For the second phase, the province is looking for feedback in five areas according to the press release:
- Response times, to ensure timely responses following a spill
- Geographic response plans, to ensure resources are available to support an immediate response, that take into account unique characteristics of a given sensitive area
- Compensation for loss of public and cultural use of land, resources or public amenities in the case of spills
- Maximizing application of regulations to marine spills
- Restrictions on the increase of diluted bitumen (“dilbit”) transportation until the behaviour of spilled bitumen can be better understood and there is certainty regarding the ability to adequately mitigate spills
Restrictions on the increase of diluted bitumen transported is directly targeting Alberta’s oilsands, said Notley.
“Having run out of tools in the toolbox, the Government of British Columbia is now grasping at straws.

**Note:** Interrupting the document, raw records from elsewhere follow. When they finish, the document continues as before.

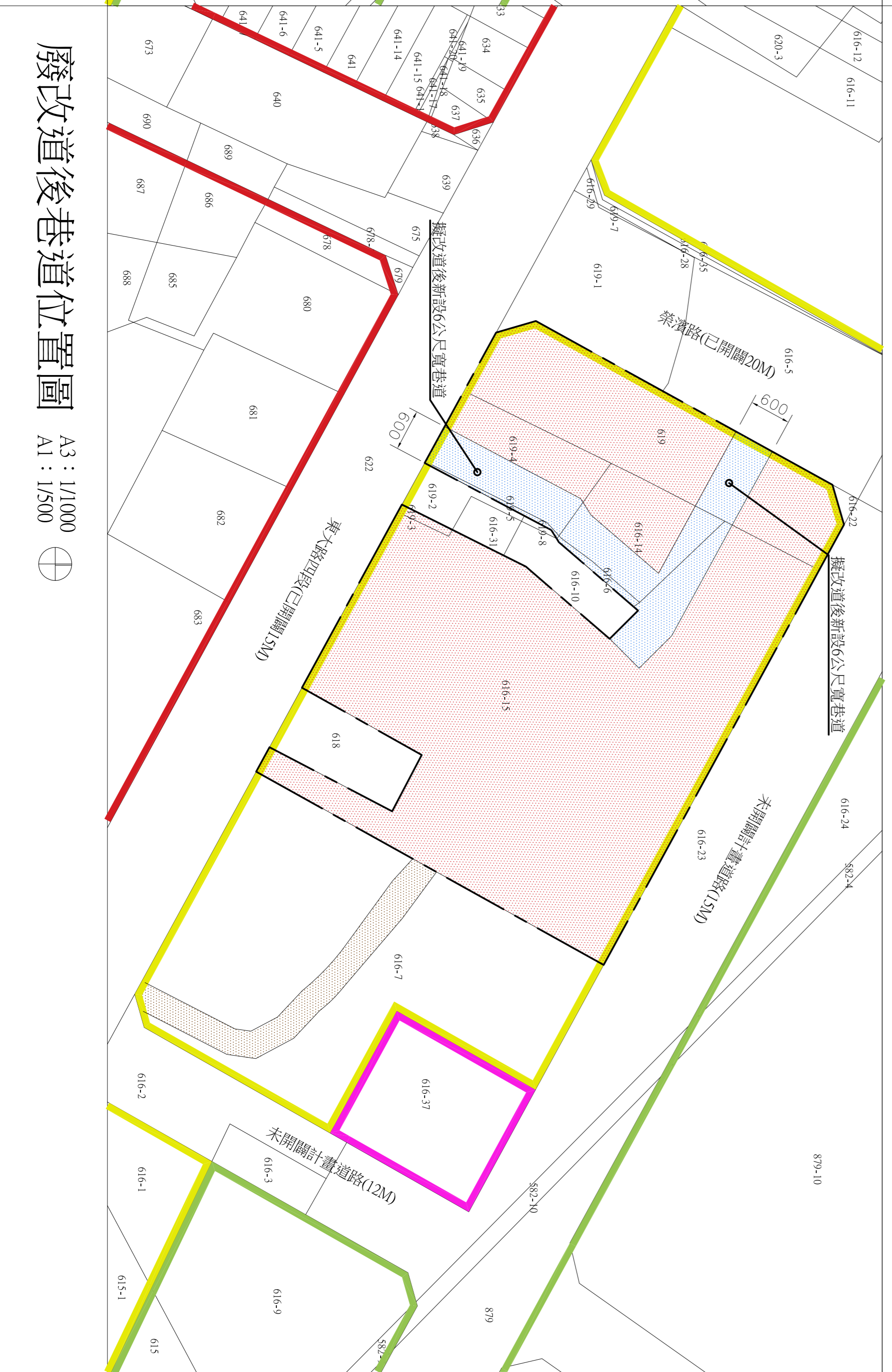
廢改道後巷道位置圖 A3：1/1000 A1：1/500
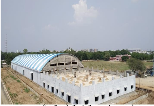
સાબરમતી સ્ટોર ડેપોમાં શેડ (બાંધકામ હેઠળ)

ટેન્ડર આપવાના મુખ્ય કારણ છે - (એ) અમદાવાદ અને સાબરમતી સ્ટેશનોમાં સિઝનલિંગ કેબલ અને ગિયર્સ સ્થળાંતર, અને (બી) અમદાવાદ અને વડોદરા સ્ટેશનો પર વેસ્ટર્ન રેલ્વેથી સંબંધિત ટેલિકોમ, ઓએફસી સાધનો સ્થળાંતર.
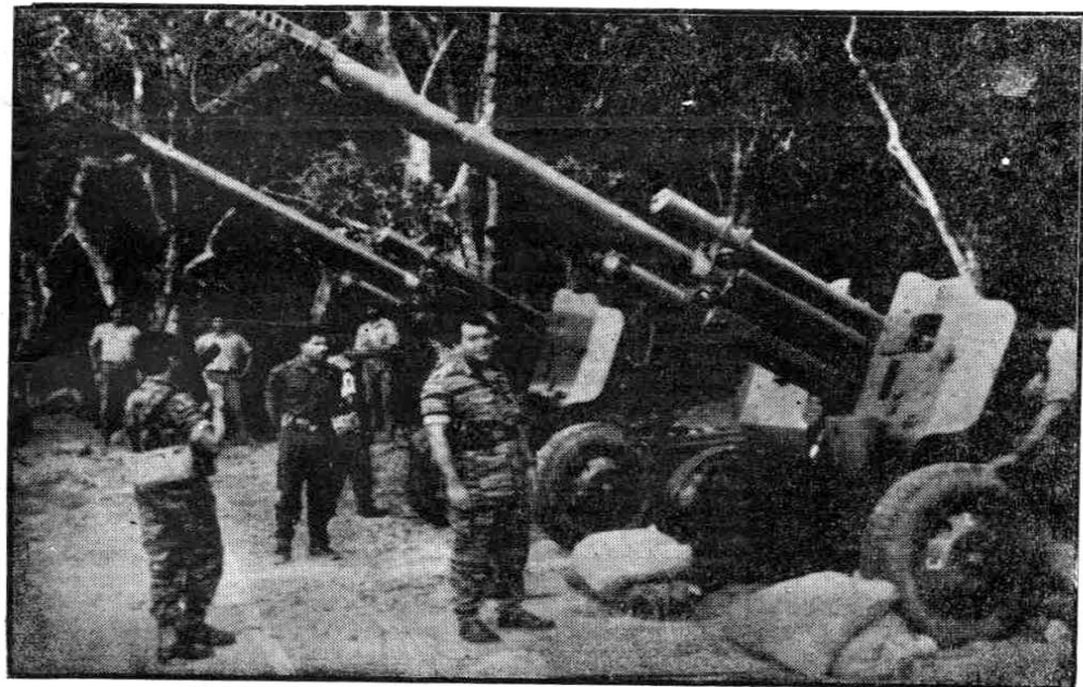
கைப்பற்றப்பட்ட மரபுப்போர் ஆயுதங்களுடன் தலைவர் பிரபாகரன்

இந்தநிலையில் தமிழரின் விடுதலைச்சேனையாகிய புலிப்படையின் இராணுவ பலத்திலேயே தமிழினத்தின் அரசியல்வெற்றி தங்கியிருக்கின்றது, இந்த
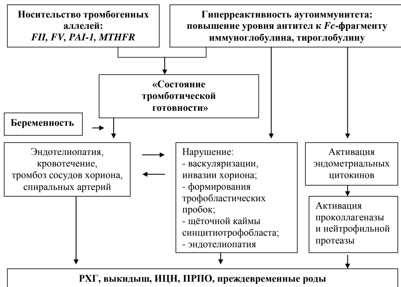
Рисунок 1 – Связь факторов тромбогенного риска и повышенной аутоиммунной реактивности с осложнениями течения беременности

Таким образом, изучаемые мутации генов свёртывающей системы крови и/или фолатного цикла в различных комбинациях с повышением уровня аутоантител у женщин с РХГ в первом триместре являются маркёрами и предикторами неблагоприятного течения и исхода беременности (рисунок 1).
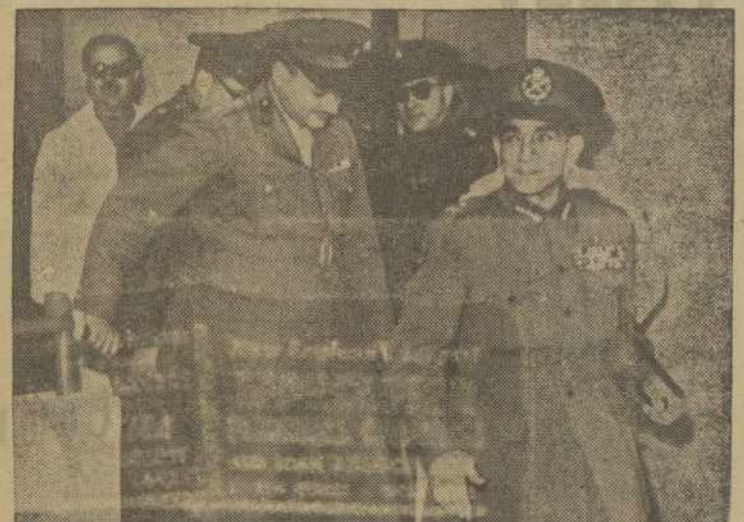
Egipto Prezidentas Naguib, dešinėje, įstojo ligoninėje. Jį patyli militariškos ligininės vedėjai.

Čia tik perbėgau pačias pagrindines sritis, kurios turėtų įeiti į Lietuvių Prekybos Rūmų veikimo uždavinius. Tuos uždavinius nesunku bus atlikti, jei prie to einama sistematingai ir organizuotai. Amerikos lietuvių biznieriai yra didelė potencialė jėga, jei tik jie veiks organizuotai.
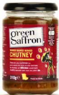
Chutney de mangues
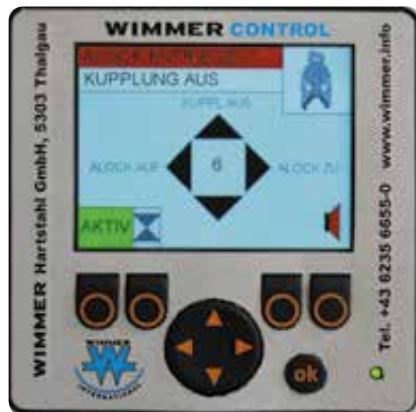
Oilmatic-Box mit akustischer Verriegelungskontrolle
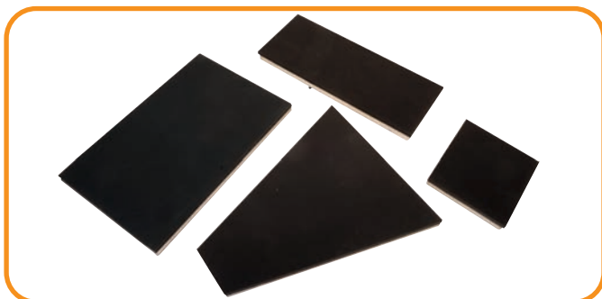
Abb. 3 - Druckplatten in verschiedenen Größen
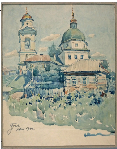
Рис. 8. Малюнок. «Уфа». В. Заболотний. 1942 р. Папір, акварель

The B.C. government has every right to consult on whatever it pleases with its citizens. It does not have the right to rewrite our Constitution and assume powers for itself that it does not have. If it did, our Confederation would be meaningless,” said Notley.
The Premier is referring to the fact that the Federal government is given exclusive jurisdiction over inter-provincial pipeline by Section 92 of the Canadian constitution, which would include what type of crude is transported in the pipeline.
“The action announced today by the B.C. government can only be seen for what it is: political game-playing. But it’s a game that could have serious consequences for the jobs and livelihoods of millions of Canadians who count on their governments to behave rationally and within their scope of authority,” concluded Notley.
Environmental organizations in B.C. view this as another potential regulatory hurdle which could disrupt the pipeline, or stop oilsands crude from flowing through it.
“The proposed regulation should be a wake-up call for Kinder Morgan,” said Jessica Clogg, Executive Director and Senior Counsel for West Coast Environmental Law. “Significant and potentially insurmountable regulatory hurdles still face the Trans Mountain pipeline project.”
The BC government says it will release an intentions paper outlining the details of new regulations and launch consultations before the end of February.
“If a dilbit spill cannot be effectively and safely cleaned up, new BC regulations may prevent the company from ‘turning the taps on’ even if it is able to complete construction,” said Clogg.